Friday, June 11, 2010

My Stopping Point

This post is definitely going to push my boundaries of vulnerability- it's already uncomfortable...but it's just too big not to share.

DEDICATION (is that cheesy? eh, whatever): this post is dedicated to those of you who KNOW me, the depths of what I struggle with, and have had the patience to listen to what I do not say, pray consistently, cry for me, and love me well. Thank you!

On April 18th, the pastor finished his sermon (RESPOND, Luke 5:1-11) by asking: What is your stopping point for obedience?

I left frustrated by this question and remained so for the next month. I knew I had a stopping point but couldn't for the life of me figure out what it was...what was holding me back.

Then God graciously made it very clear to me-
- by my ignoring the pull to share w/ the checkout girl, whose scars I recognized
- by my resistance to sharing my testimony in front of the youth
- by my refusing to seek accountability from my community group
- by refusing to trust Him and accept the healing He offers
- by holding onto my control, this...one...thing
- by taking pride and even joy assuming this sin as part of my identity

How can I claim obedience when-
- I am terrified to share about the power of Christ when I doubt/refuse His healing
- I don't trust my community with my full past, or God to change my future
- I cling to an identity that is not of Him

The answer is I can't...I was stopped.

This past week over vacation with a good bit of fear and shame I spent time in confession before the Lord:
- disgustedly admitting the full truth and root of this sin
- grieving over an addiction that has pursued me since high school
- rejecting this sin as an option for my future, or as any part of who I am
- accepting His promise "that when perfection comes, the imperfect disappears"

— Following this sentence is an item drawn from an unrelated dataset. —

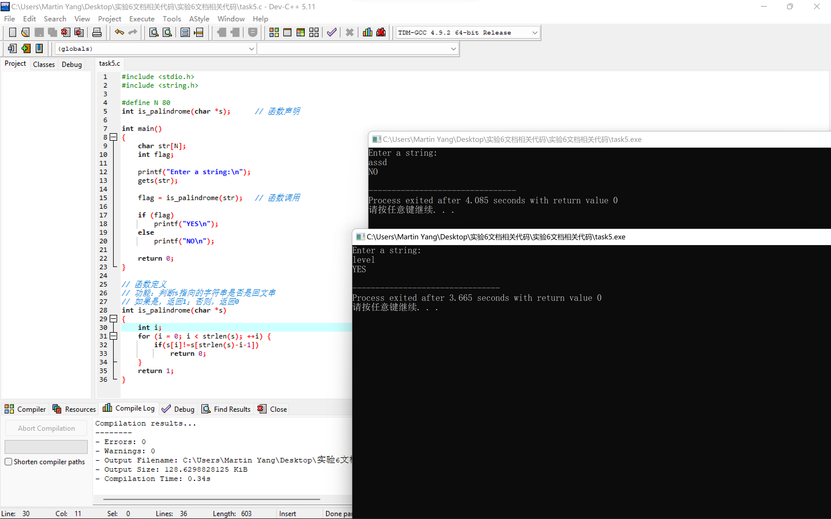 #include <stdio.h> #include <string.h> #define N 80 int is_palindrome(char *s); // 函数声明 int main() { char str[N]; int flag; printf("Enter a string:\n"); gets(str); flag = is_palindrome(str); // 函数调用 if (flag) printf("YES\n"); else printf("NO\n"); return 0; } // 函数定义 // 功能:判断s指向的字符串是否是回文串 // 如果是,返回1;否则,返回0 int is_palindrome(char *s) { for (int i = 0; i < strlen(s); ++i) { if(s[i]!=s[strlen(s)-i-1]) return 0; } return 1; }// // Created by Martin Yang on 2022/6/7. //

So feeling free and in His will I opened my Bible and read the following:

1 Blessed is he
whose transgressions are forgiven,
whose sins are covered.

2 Blessed is the man
whose sin the LORD does not count against him
and in whose spirit is no deceit.

3 When I kept silent,
my bones wasted away
through my groaning all day long.

4 For day and night
your hand was heavy upon me;
my strength was sapped
as in the heat of summer.

5 Then I acknowledged my sin to you
and did not cover up my iniquity.
I said, "I will confess
my transgressions to the LORD "—
and you forgave
the guilt of my sin.

6 Therefore let everyone who is godly pray to you
while you may be found;
surely when the mighty waters rise,
they will not reach him.

7 You are my hiding place;
you will protect me from trouble
and surround me with songs of deliverance.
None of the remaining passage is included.